Javascript – Relatively large data on client side in web application

client-sidejavascriptweb-development

We are discussing on building a web application where (as per clients requirement), there will be relatively large data (60,000 items) to be shown as tree view.

Let's assume each item is string of 500 characters .

My questions is about maintaining such data on client side.

Basically this is an overkill to be used in asp.NET web form with viewstate (correct me if I am wrong).

What are better options of handling such huge list of items with providing sorting and searching ability on them?

I was thinking to bring them once and keep them in local storage but then found out local storage to be limited to 5MB and it's clear that we need more.

Best Answer

I had a similar problem where we needed to display information about cars and other products that was structured like a tree (car brand -> model -> type -> build year). Even if the browser would hold that much data (not sure about that) it would take forever to download it.
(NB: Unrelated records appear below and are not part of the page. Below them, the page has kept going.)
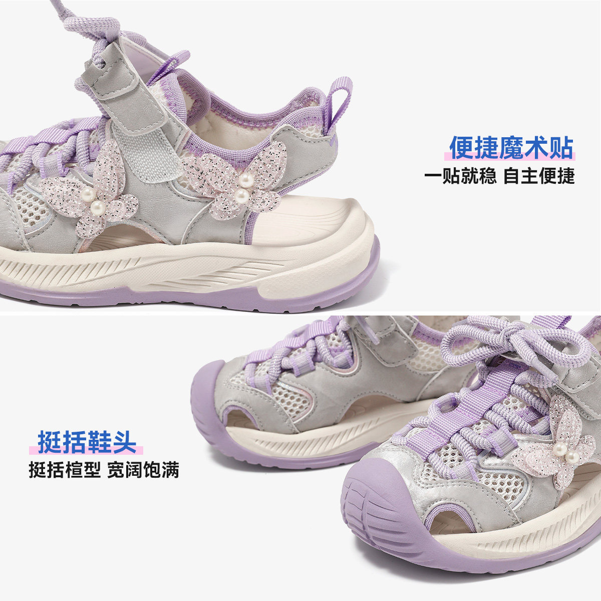 天美意童鞋2026儿童包头凉鞋女童运动风蝴蝶结系带溯溪鞋夏季新款
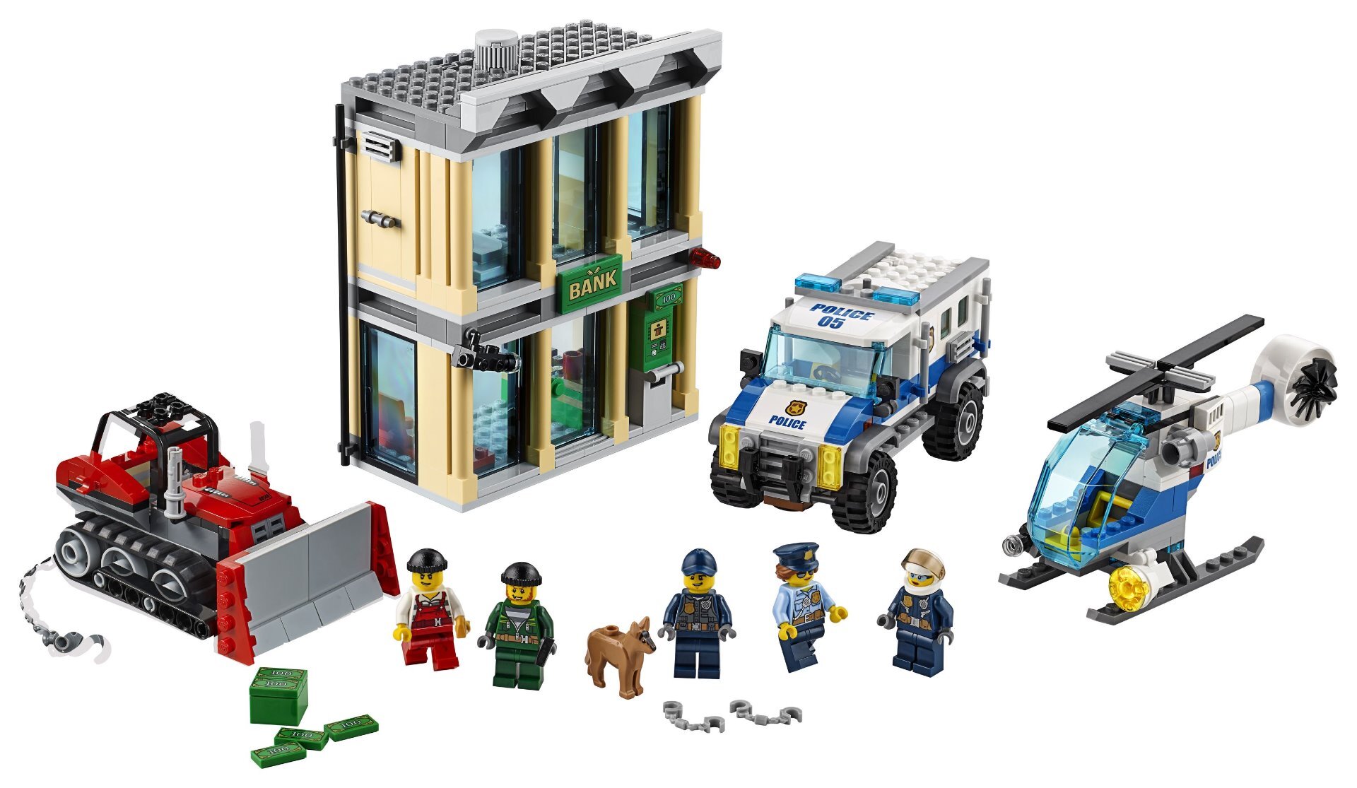 - 4 mô hình lắp ghép chính bao gồm: Tòa nhà ngân hàng, máy bay trực thăng cảnh sát, xe tải cảnh sát và xe ủi của tội phạm.
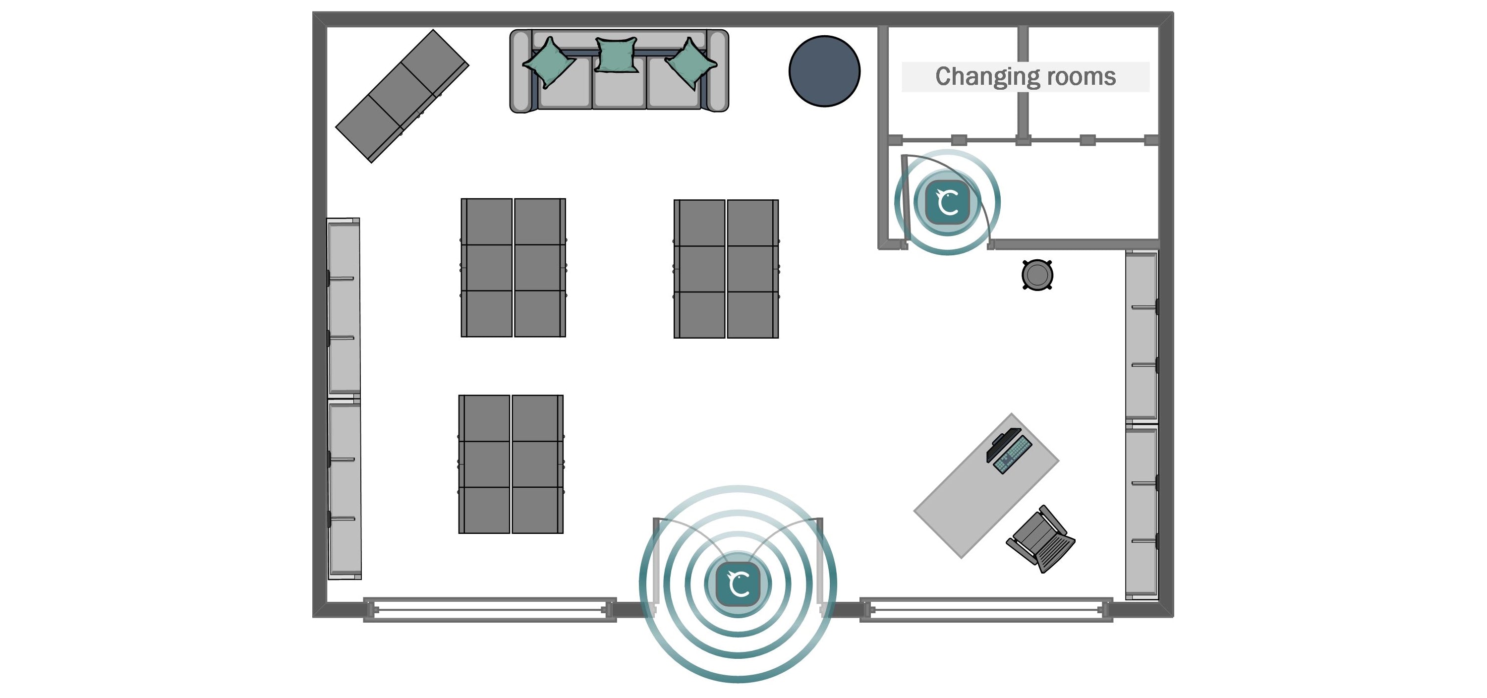 This is a reasonably straightforward setup - Helena simply requires 1x Chirp-edge Hub at the main exit and a second hub at the entrance to the changing rooms. She needs to protect 200 handbags and so purchases 8x packs of Lanyard Tags.
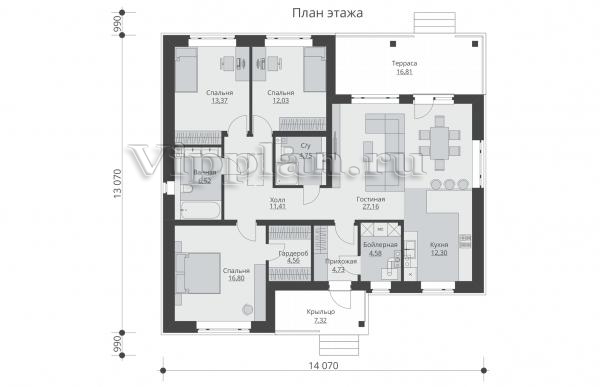 | Размеры дома: | 13.07м×14.07м |
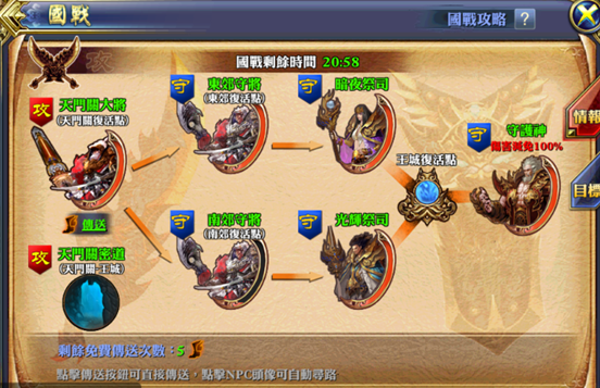 趁著等待的時間,小編也給大家重新普及國戰的小知識。打過國戰的朋友都知道,國戰的勝負判斷條件是以守護神的血量為標準的。30分鐘的國戰時間內,如果守護神被擊殺,則攻擊方勝利,反之進攻方勝利。
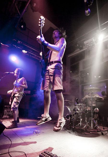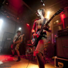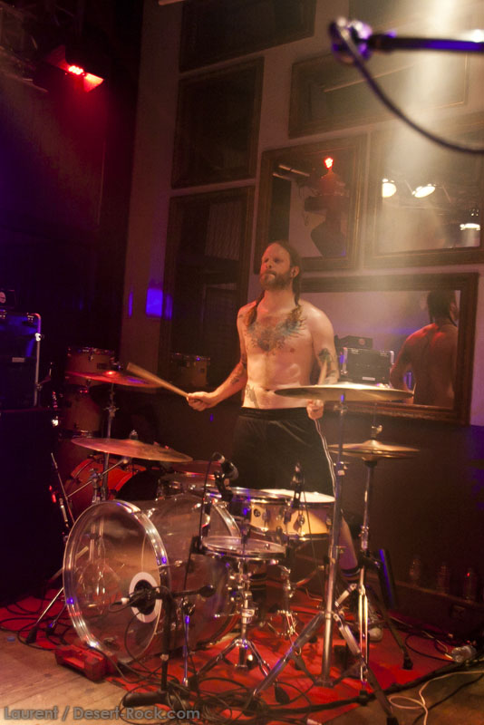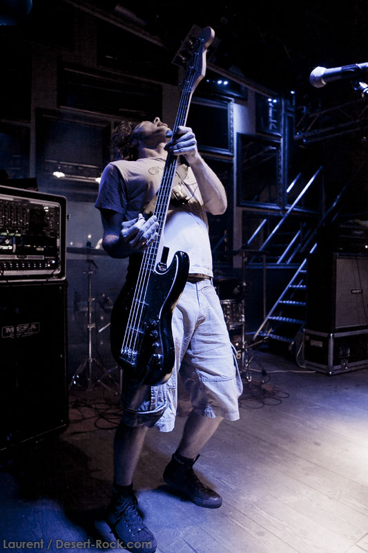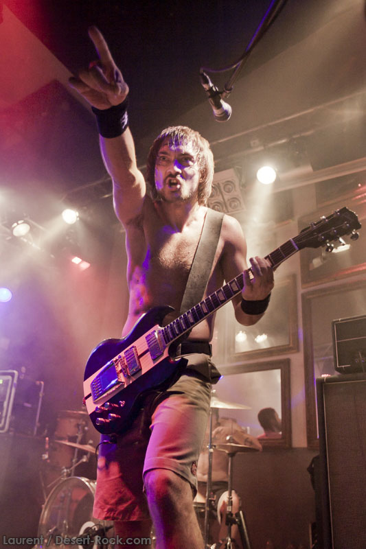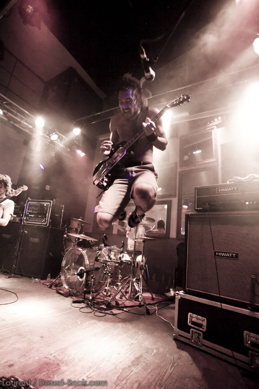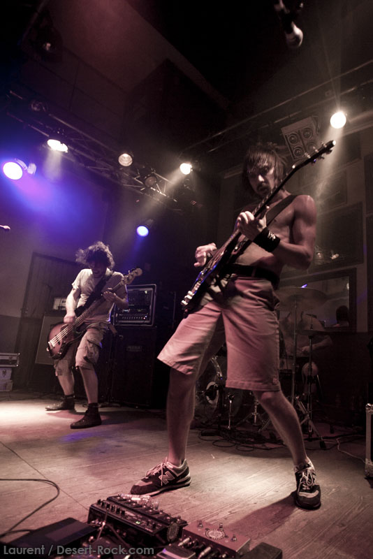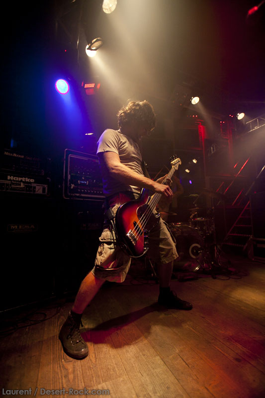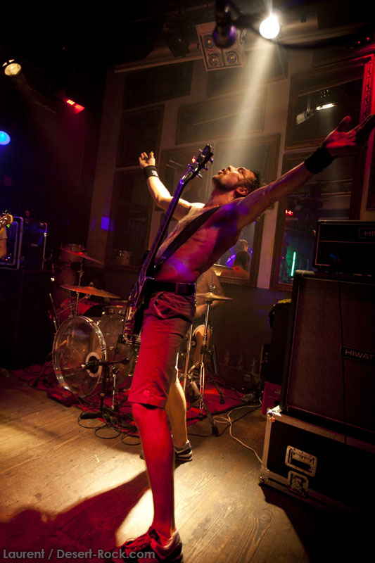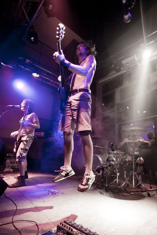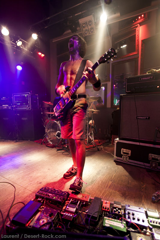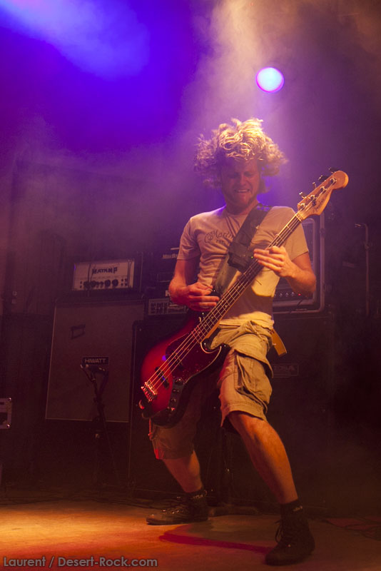 Il est temps pour Truckfighters de monter sur scène. Et alors que retentissent les premiers accords de « Desert Cruiser » et son gros riff fuzzé, on comprend qu’on va probablement prendre une grosse claque. Ozo à la basse tient bien la baraque, il assure non seulement des vocaux puissants mais aussi des grosses lignes de basse, rondes, saturées et percutantes juste comme il faut. Mais comme d’hab, les yeux s’orientent inévitablement vers Dango et sa gratte : comme possédé, le guitariste à l’allure improbable (un bonhomme un peu dégingandé, grand et mince, torse nu en shorts et une paire de tennis toutes pourries) saute dans tous les sens tel un pois sauteur, écrase son immense rack de pédales d’effets à toutes occasions, virevolte, harangue le public. Un beau duo en effet ! La set list est impeccable, le groupe enchaînant sur le très catchy « Traffic » puis « Last Curfew », des titres comportant des passages plus calmes, bien retranscrits en live, à l’image de l »épique « Chameleon » qui fait son apparition un peu plus tard. Pas difficile dans une discographie à la cohérence implacable de faire ses courses. Du coup, le groupe se permet même le luxe de faire une incartade dans ses productions plus « rares » (« Helium 28 » issu d’un split album avec Firestone).
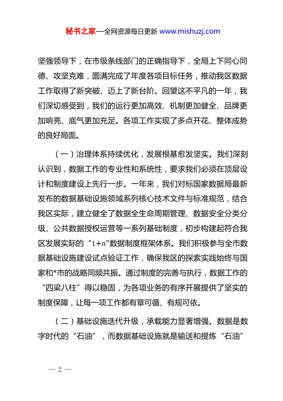 秘书之家—全网资源每日更新 www.mishuzj.com在区数据局 2026 年度务虚工作会议上的讲话稿同志们:大家好!今天,我们在这里召开区数据局年度务虚工作会议,主要任务是深入贯彻落实国家和*市关于数据发展的战略部署,全面总结 2025 年工作,系统分析当前我们面临的新形势、新挑战,共同谋划 2026 年乃至“十五五”时期的发展思路和关键举措。今天的会议既是一次总结复盘会,更是一次集思广益、凝聚共识、擘画未来的战略研讨会。刚才,各科室、各部门的同志都作了很好的发言,既有对过去一年工作的深刻反思,也有对未来发展的独到见解,听了很受启发。大家提出的问题实事求是,建议具体可行,充分体现了我们这支队伍想干事、能干事、干成事的精神风貌。下面,结合大家的发言和我的思考,我讲四点意见。一、回顾 2025:砥砺奋进,硕果累累,数据事业整体成势2025 年是“十四五”规划的收官之年,也是我们数据事业承前启后、积厚成势的关键一年。一年来,在区委、区政府的— 1 —秘书之家—全网资源每日更新 www.mishuzj.com坚强领导下,在市级条线部门的正确指导下,全局上下同心同德、攻坚克难,圆满完成了年度各项目标任务,推动我区数据工作取得了新突破、迈上了新台阶。回望这不平凡的一年,我们深切感受到,我们的运行更加高效、机制更加健全、品牌更加响亮、底气更加充足。各项工作实现了多点开花、整体成势的良好局面。(一)治理体系持续优化,发展根基愈发坚实。我们深刻认识到,数据工作的专业性和系统性,要求我们必须在顶层设计和制度建设上先行一步。一年来,我们对标国家数据局最新发布的数据基础设施领域系列核心技术文件与标准规范,结合我区实际,建立健全了数据全生命周期管理、数据安全分类分级、公共数据授权运营等一系列基础制度,初步构建起符合我区发展实际的“1+n”数据制度框架体系。我们积极参与全市数据基础设施建设试点验证工作,确保我区的探索实践始终与国家和*市的战略同频共振。通过制度的完善与执行,数据工作的“四梁八柱”得以稳固,为各项业务的有序开展提供了坚实的制度保障,让每一项工作都有章可循、有规可依。(二)基础设施迭代升级,承载能力显著增强。数据是数字时代的“石油”,而数据基础设施就是输送和提炼“石油”— 2 —秘书之家—全网资源每日更新 www.mishuzj.com的管道与工厂。我们深刻理解其基础性、战略性地位。2025 年,我们坚持适度超前原则,全力推进全区数据基础设施的迭代优化。我区“一网统管”的城市数字体征系统算力资源池完成新一轮扩容,核心数据中心新增部署超过 500 个标准机柜,总规模已突破 2500 个。我们与通信运营商深化合作,在全区重点产业园区、交通枢纽实现了 5g 网络信号的深度覆盖和质量优化。更值得一提的是,我们初步建成了区级算力统一调度平台,尝试对全区范围内的政务算力、社会算力进行有效纳管和智能调度,全年数据处理总量历史性地突破了 500pb,数据汇聚、存储、计算、传输能力得到质的飞跃。这些坚实的“底座”,为我区数字经济的蓬勃发展和城市智慧化治理提供了强有力的支撑。(三)应用场景深度赋能,价值释放成效凸显。数据的价值在于应用。我们始终将“赋能”作为数据工作的核心使命,致力于将数据资源转化为现实生产力和治理效能。在政务服务领域,我们持续深化“一网通办”改革,通过数据共享和业务流程再造,推动更多高频服务事项实现“免申即享”“智能秒办”,企业群众的办事体验和获得感显著提升。在城市治理领域,我们围绕公共安全、交通出行、生态环保等重点场景,打— 3 —秘书之家—全网资源每日更新 www.mishuzj.com造了多个数据驱动的精细化管理应用,城市运行的“智”治水平不断提高。在产业发展领域,我们聚焦汽车、生物医药、智能制造等我区优势产业,推动工业互联网平台建设,引导企业“上云用数赋智”,帮助一批传统企业实现了数字化转型,全区数字经济核心产业增加值预计同比增长超过 15%,数据要素的乘数效应开始显现。(四)产业生态加速繁荣,区域品牌效应初显。我们着力培育和发展数据产业,加大对“数商”企业的培育力度。通过政策引...

What I did: Load the first level and load other levels via Ajax only when actually needed for display. Since we needed to display this as a menu and show the next level very fast on mouse over the possible results where cached on the server (if you need specific sorting this may become a problem).

Same goes for searching and sorting. Let the server do it and load the results. You won't sort over the whole structure in a tree view, but only on one level. Obviously this may be the most difficult part depending on how exactly your data is structured and what types of searching and sorting you want to do.

Also in a tree view people won't have open all nodes at once, this makes it bad to handle and you would need to scroll all the time. You could still load the first two levels if the amount of data allows it and then load level three if level two is opened for some item. So this can be handled as you need it.

Even if loading on demand would not work for you, you could still just load level one and after that when the document is loaded start some process in the background that loads the deeper levels one by one. This would most likely work faster than the user can scroll down.